Raw data:
────────────────

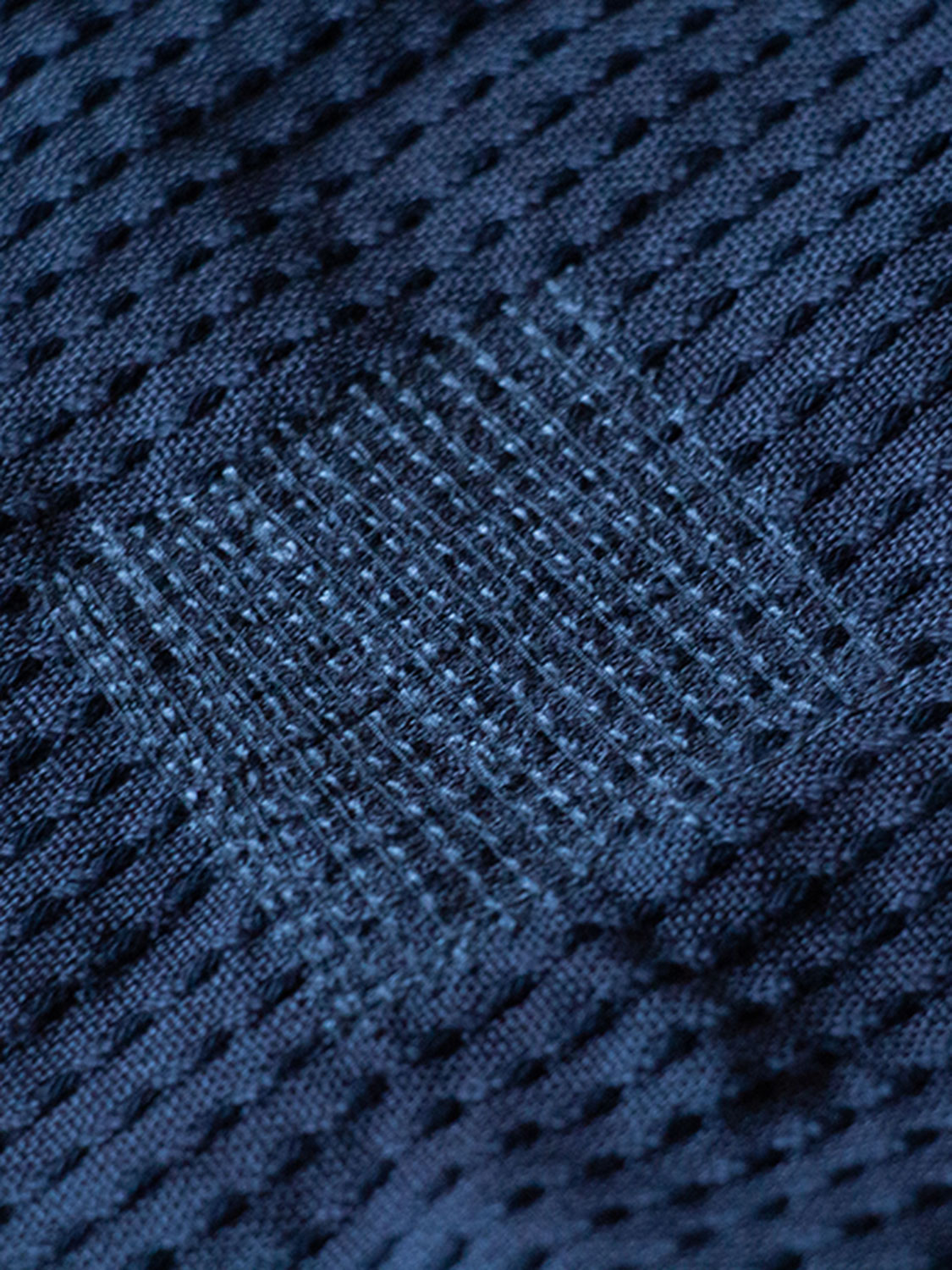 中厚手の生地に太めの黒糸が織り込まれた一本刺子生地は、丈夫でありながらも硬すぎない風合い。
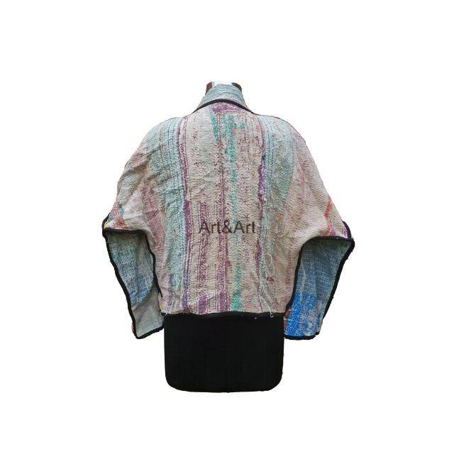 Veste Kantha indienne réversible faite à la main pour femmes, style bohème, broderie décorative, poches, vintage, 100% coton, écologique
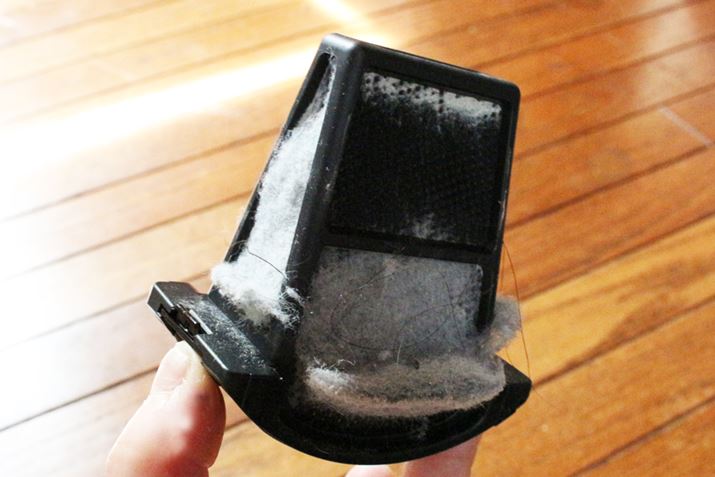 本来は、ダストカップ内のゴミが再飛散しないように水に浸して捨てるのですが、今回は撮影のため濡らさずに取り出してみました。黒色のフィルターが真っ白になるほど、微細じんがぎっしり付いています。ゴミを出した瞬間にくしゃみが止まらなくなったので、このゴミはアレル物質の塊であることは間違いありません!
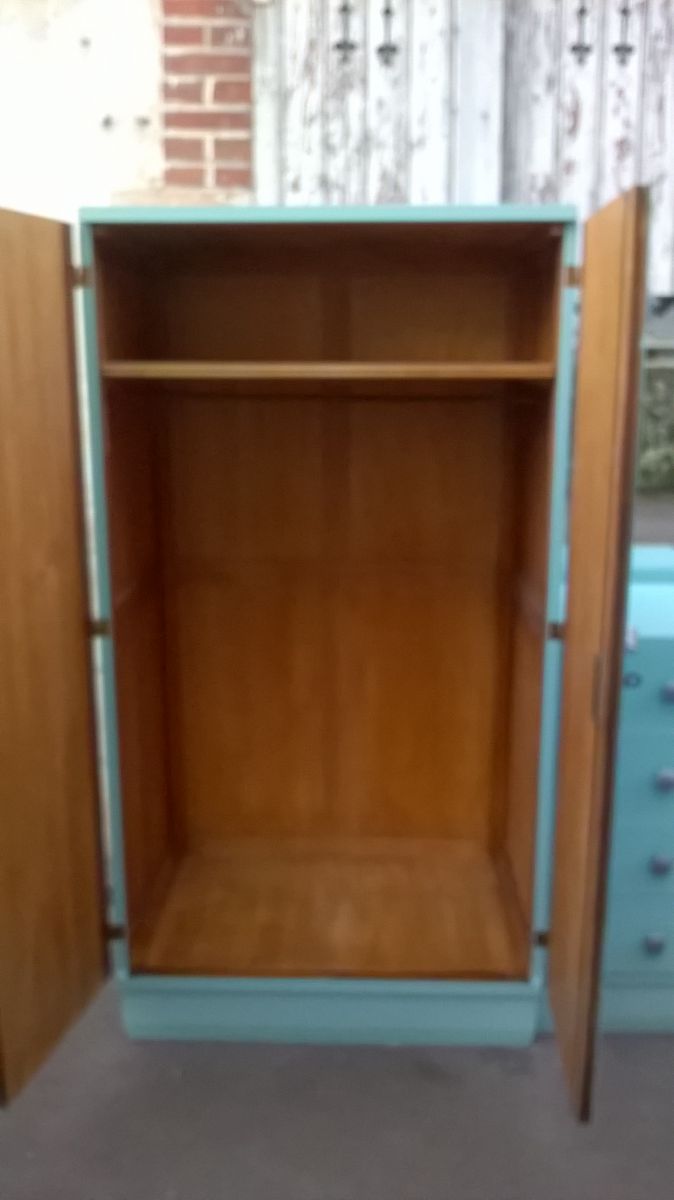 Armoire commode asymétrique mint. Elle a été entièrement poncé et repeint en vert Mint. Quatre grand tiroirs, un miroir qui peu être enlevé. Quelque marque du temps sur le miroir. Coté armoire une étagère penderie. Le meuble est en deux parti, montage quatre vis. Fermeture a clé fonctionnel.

────────────────

Your instructions: Apart from the pictures, all of the data should be repeated exactly.

Response to the exercise:
 中厚手の生地に太めの黒糸が織り込まれた一本刺子生地は、丈夫でありながらも硬すぎない風合い。
 Veste Kantha indienne réversible faite à la main pour femmes, style bohème, broderie décorative, poches, vintage, 100% coton, écologique
 本来は、ダストカップ内のゴミが再飛散しないように水に浸して捨てるのですが、今回は撮影のため濡らさずに取り出してみました。黒色のフィルターが真っ白になるほど、微細じんがぎっしり付いています。ゴミを出した瞬間にくしゃみが止まらなくなったので、このゴミはアレル物質の塊であることは間違いありません!
 Armoire commode asymétrique mint. Elle a été entièrement poncé et repeint en vert Mint. Quatre grand tiroirs, un miroir qui peu être enlevé. Quelque marque du temps sur le miroir. Coté armoire une étagère penderie. Le meuble est en deux parti, montage quatre vis. Fermeture a clé fonctionnel.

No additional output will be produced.